Write out again, word for word, the lines below from the line that holds "汉工WECN滑块导轨RE系列尺寸图" through the line that holds "Κατά την άφιξή", omitting pictures.

BEGIN DATA EXTRACT

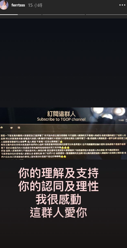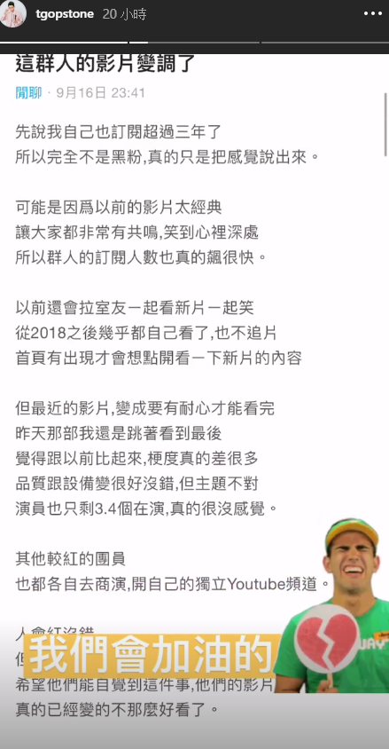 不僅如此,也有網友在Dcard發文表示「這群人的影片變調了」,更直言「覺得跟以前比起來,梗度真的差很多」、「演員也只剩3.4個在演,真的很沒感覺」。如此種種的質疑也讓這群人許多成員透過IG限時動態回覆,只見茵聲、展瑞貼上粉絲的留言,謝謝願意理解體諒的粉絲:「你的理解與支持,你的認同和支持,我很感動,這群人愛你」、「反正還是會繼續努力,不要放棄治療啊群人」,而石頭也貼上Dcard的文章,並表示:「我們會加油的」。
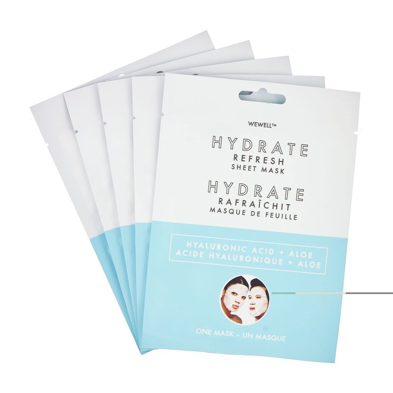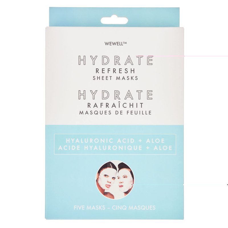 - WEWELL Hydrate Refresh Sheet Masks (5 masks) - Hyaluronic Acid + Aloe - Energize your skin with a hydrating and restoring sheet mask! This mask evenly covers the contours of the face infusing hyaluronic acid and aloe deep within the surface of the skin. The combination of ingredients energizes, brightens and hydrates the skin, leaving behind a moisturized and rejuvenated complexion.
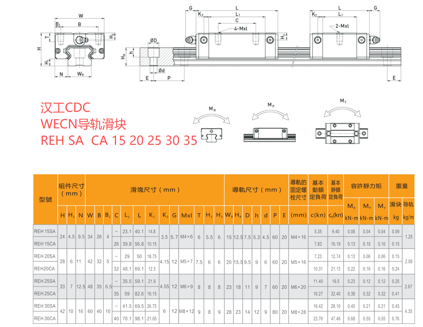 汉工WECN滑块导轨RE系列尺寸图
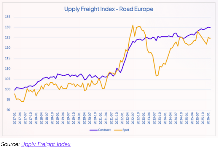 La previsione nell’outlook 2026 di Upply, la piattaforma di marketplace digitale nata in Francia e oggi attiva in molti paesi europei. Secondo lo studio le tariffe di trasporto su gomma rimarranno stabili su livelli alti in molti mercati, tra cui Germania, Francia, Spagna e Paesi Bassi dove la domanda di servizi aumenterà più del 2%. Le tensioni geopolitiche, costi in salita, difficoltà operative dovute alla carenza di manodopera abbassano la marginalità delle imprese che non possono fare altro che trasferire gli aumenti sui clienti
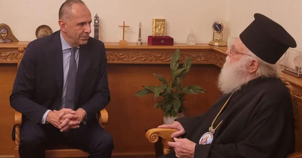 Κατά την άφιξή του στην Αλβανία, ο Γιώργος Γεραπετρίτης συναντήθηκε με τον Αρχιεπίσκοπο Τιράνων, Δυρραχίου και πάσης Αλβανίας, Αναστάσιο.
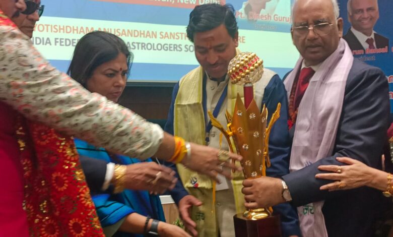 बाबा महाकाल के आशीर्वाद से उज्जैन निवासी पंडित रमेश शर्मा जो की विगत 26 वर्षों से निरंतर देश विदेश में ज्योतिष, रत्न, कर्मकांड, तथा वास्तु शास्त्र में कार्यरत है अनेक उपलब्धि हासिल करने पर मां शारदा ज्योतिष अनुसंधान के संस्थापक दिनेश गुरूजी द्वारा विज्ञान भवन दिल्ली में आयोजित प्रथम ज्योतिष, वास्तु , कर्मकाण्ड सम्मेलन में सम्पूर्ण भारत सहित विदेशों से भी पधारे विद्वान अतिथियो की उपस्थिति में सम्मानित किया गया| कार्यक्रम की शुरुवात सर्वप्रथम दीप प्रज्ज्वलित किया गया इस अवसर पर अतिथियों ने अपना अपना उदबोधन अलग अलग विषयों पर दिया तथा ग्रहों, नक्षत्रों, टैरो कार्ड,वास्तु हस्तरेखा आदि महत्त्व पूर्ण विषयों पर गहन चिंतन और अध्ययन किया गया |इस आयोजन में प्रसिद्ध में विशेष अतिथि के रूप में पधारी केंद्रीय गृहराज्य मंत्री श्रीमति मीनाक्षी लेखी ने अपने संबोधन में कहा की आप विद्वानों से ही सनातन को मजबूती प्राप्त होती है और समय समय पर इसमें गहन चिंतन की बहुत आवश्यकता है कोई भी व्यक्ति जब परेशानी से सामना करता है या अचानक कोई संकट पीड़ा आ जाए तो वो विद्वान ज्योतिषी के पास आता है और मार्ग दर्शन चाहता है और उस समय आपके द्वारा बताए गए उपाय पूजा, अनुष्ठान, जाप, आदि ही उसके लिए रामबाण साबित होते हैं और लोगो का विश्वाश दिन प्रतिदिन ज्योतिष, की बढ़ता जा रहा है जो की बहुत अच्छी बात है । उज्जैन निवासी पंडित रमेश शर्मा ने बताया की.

END DATA EXTRACT

SOLUTION TO THE EXERCISE>
 汉工WECN滑块导轨RE系列尺寸图
 La previsione nell’outlook 2026 di Upply, la piattaforma di marketplace digitale nata in Francia e oggi attiva in molti paesi europei. Secondo lo studio le tariffe di trasporto su gomma rimarranno stabili su livelli alti in molti mercati, tra cui Germania, Francia, Spagna e Paesi Bassi dove la domanda di servizi aumenterà più del 2%. Le tensioni geopolitiche, costi in salita, difficoltà operative dovute alla carenza di manodopera abbassano la marginalità delle imprese che non possono fare altro che trasferire gli aumenti sui clienti
 Κατά την άφιξή του στην Αλβανία, ο Γιώργος Γεραπετρίτης συναντήθηκε με τον Αρχιεπίσκοπο Τιράνων, Δυρραχίου και πάσης Αλβανίας, Αναστάσιο.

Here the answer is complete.